In this study healthy volunteers will receive three single doses of the test medicine to find out how the body breaks down and gets rid of it. Two doses of the test medicine will be ‘radiolabelled’ - it will contain a small amount of radioactivity (Carbon-14) so that it can be tracked in the body.
In this study in healthy volunteers, the aim is to answer these questions:
1. Does the test medicine cause any important side effects?
2. What are the blood levels of the test medicine and how quickly does the body get rid of it?
3. How much of the test medicine gets into the bloodstream?

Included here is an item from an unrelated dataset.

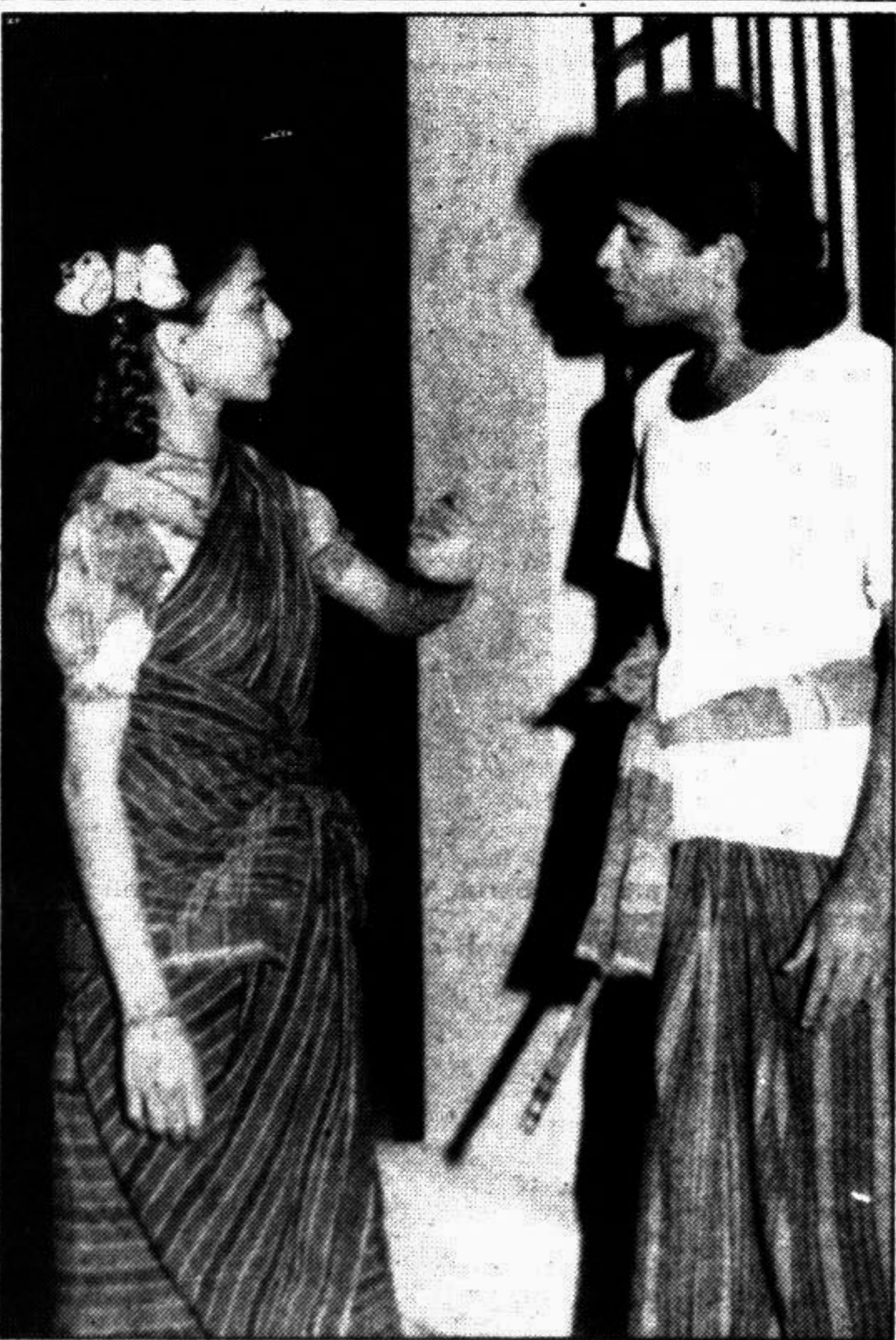
A sequence of drama 'Bahaman' staged at the Central Shaheed Minar by Bangladesh Theatre yesterday in observance of Amar Ekushey.

The Prime Minister expressed her confidence that the existing bonds of friendship and cooperation between the two countries would be further strengthened.
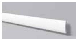
FD3 H 100 mm W 20 mm

4. How does the body break down and get rid of the test medicine?
Who can participate?
Healthy men aged 30-65 years
What does the study involve?
In Part 1, volunteers will receive a single oral dose of test medicine, and then 2.75 hours later a dose of test medicine containing a very tiny amount of radiolabel by injection into a vein. In Part 2, volunteers will receive a dose of test medicine also containing a radiolabel, by mouth. In Part 1 volunteers will stay in the clinic for 4 nights and in Part 2 they will stay for up to 10 nights. There will be a minimum 14-day gap between each study part, and it will take up to 8 weeks to finish the study. The researchers will collect blood and urine samples to do safety tests, take blood samples throughout the volunteers’ stay in clinic and collect all their urine and faeces to measure the amount of test medicine and its breakdown products.
What are the possible benefits and risks of participating?
Volunteers may experience side effects from the test medicine. The test medicine is early in development so there is little information about its effects in humans. Full information on possible side effects is in the Participant Information Sheet and Informed Consent Form. There is always a risk of unexpected side effects or an allergic reaction. To mitigate the risk, we’ll ensure that volunteers meet the entry criteria for the study and monitor volunteers closely throughout the study.
From both doses of the radiolabelled test medicine (IV and oral), volunteers will be exposed to not more than a total of 2.4 milliSieverts (mSv) (to 1 decimal place) of radioactivity during the study (IV dose = 0.0052 mSv, oral dose = 2.4 mSv). This is about 11 months' exposure to average background radiation in the UK (2.7 mSv). This equates to slightly more than the radiation dose that would result from five abdominal X-rays or slightly less than two CT scans of the head for example. That amount of radiation poses negligible risk to the volunteers’ health but volunteers should not have taken part in any other absorption, distribution, metabolism and excretion (ADME) study involving radiation for at least 1 year before this study.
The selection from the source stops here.